[Opening SUPPLIED MATERIAL section]

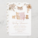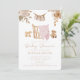 Convide seus entes queridos em estilo com este convite de chá de fraldas boho com uma cena acolhedora de berço, cobertor de bebê rosa macio, ursinho de pelúcia e delicados florais de tons neutros. A design combina encanto rústico com elegância boêmica, perfeita para celebrar os pais a serem de uma forma quente e acolhedora. As ilustrações em aquarelas de um bassinet, brinquedos de madeira e sotaques florais criam uma vibração pacífica e amorosa. Totalmente personalizável, este convite é ideal para chás de fraldas com uma atmosfera suave, natural e sentida.
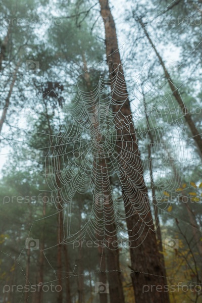 Паутина с каплями воды на фоне размытых стволов и сосновых крон. Паутина в утреннем туманном хвойном лесу
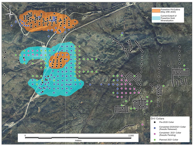 Figure 1: 2021 Drill program at Powerline and Aurex Hill, showing historic, completed and planned diamond drill holes with interpreted area of influence for the Poweline Zone noted.
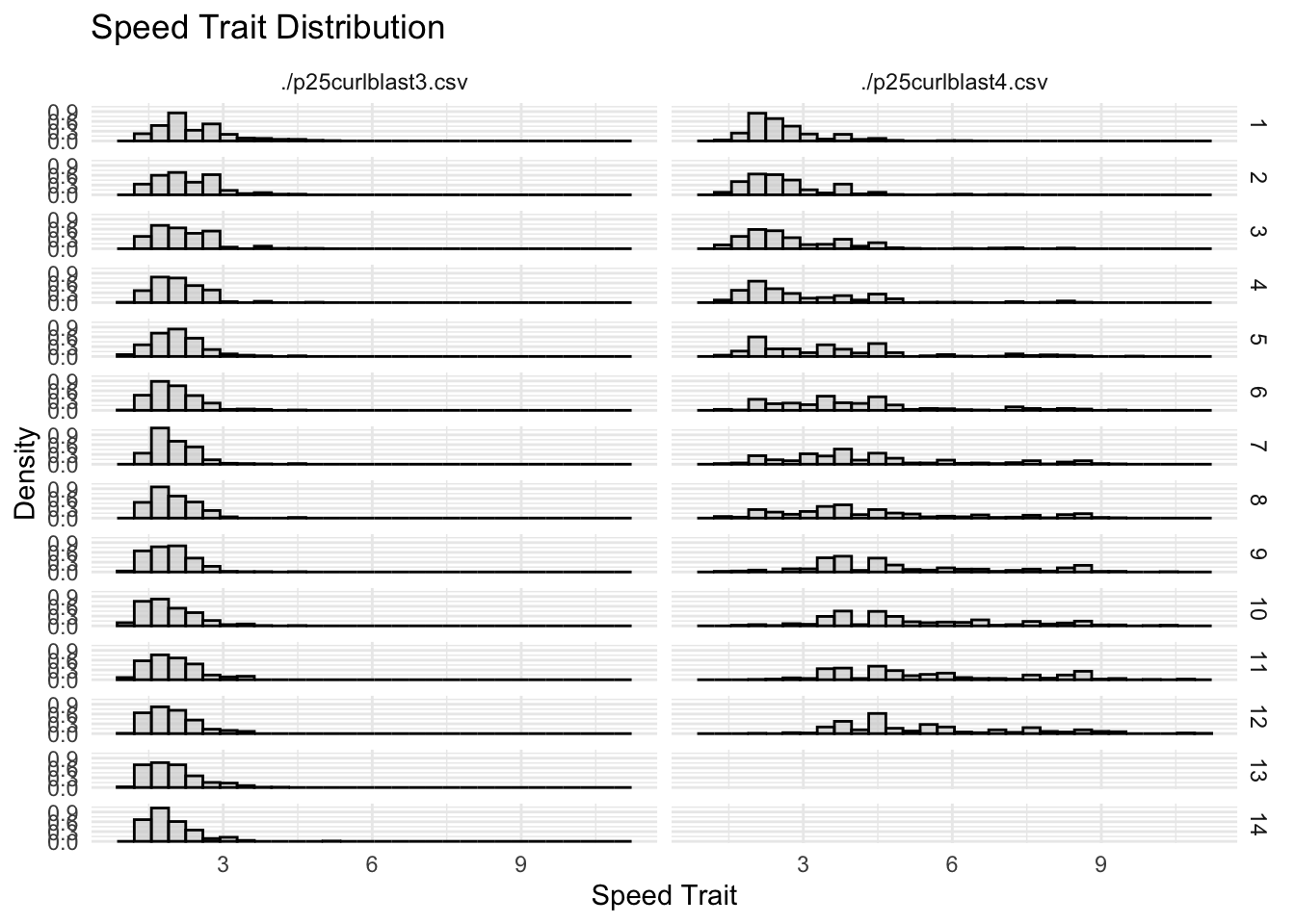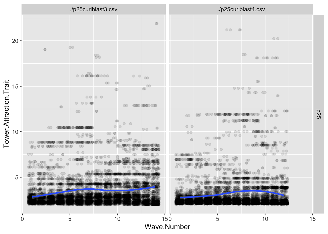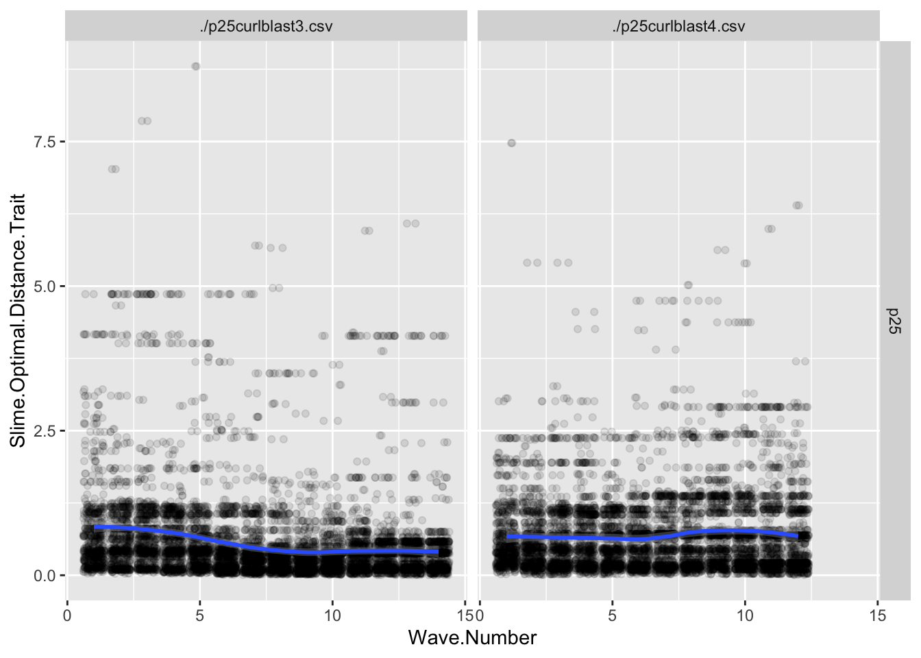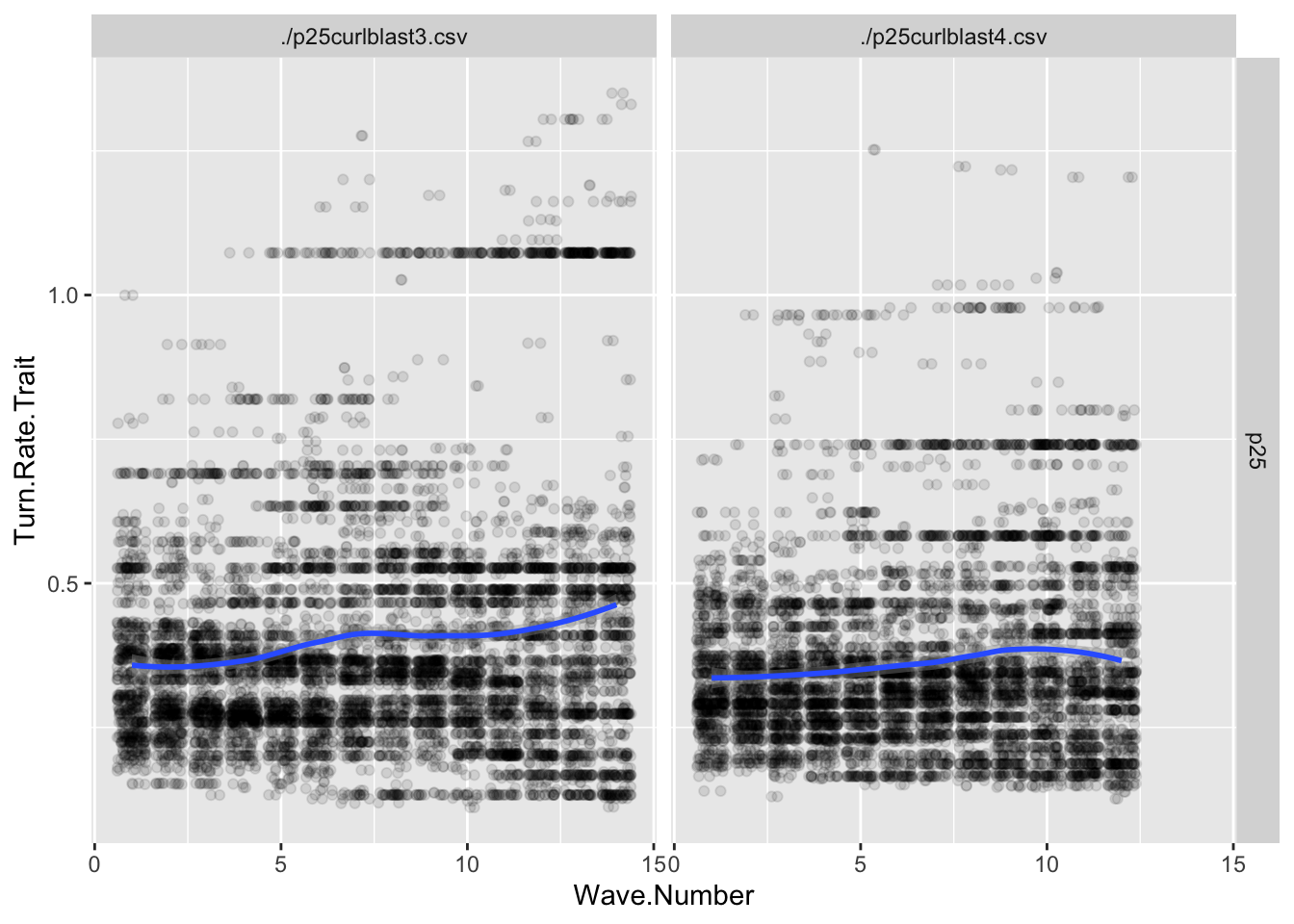 fitnessrank <- ggplot(fit_ranked%>% filter(Wave.Number < max(Wave.Number)), aes(x = fitrank, y = offspring_count))+ geom_point(aes(color = Speed.Trait))+ geom_smooth(method = “lm”)+ facet_grid(Wave.Number~file)

[Closing SUPPLIED MATERIAL section]

* PROBLEM TO SOLVE
The copy must match the listing above exactly but contain no pictures.

* RESULT FOR THIS EXERCISE
 Convide seus entes queridos em estilo com este convite de chá de fraldas boho com uma cena acolhedora de berço, cobertor de bebê rosa macio, ursinho de pelúcia e delicados florais de tons neutros. A design combina encanto rústico com elegância boêmica, perfeita para celebrar os pais a serem de uma forma quente e acolhedora. As ilustrações em aquarelas de um bassinet, brinquedos de madeira e sotaques florais criam uma vibração pacífica e amorosa. Totalmente personalizável, este convite é ideal para chás de fraldas com uma atmosfera suave, natural e sentida.
 Паутина с каплями воды на фоне размытых стволов и сосновых крон. Паутина в утреннем туманном хвойном лесу
 Figure 1: 2021 Drill program at Powerline and Aurex Hill, showing historic, completed and planned diamond drill holes with interpreted area of influence for the Poweline Zone noted.
 fitnessrank <- ggplot(fit_ranked%>% filter(Wave.Number < max(Wave.Number)), aes(x = fitrank, y = offspring_count))+ geom_point(aes(color = Speed.Trait))+ geom_smooth(method = “lm”)+ facet_grid(Wave.Number~file)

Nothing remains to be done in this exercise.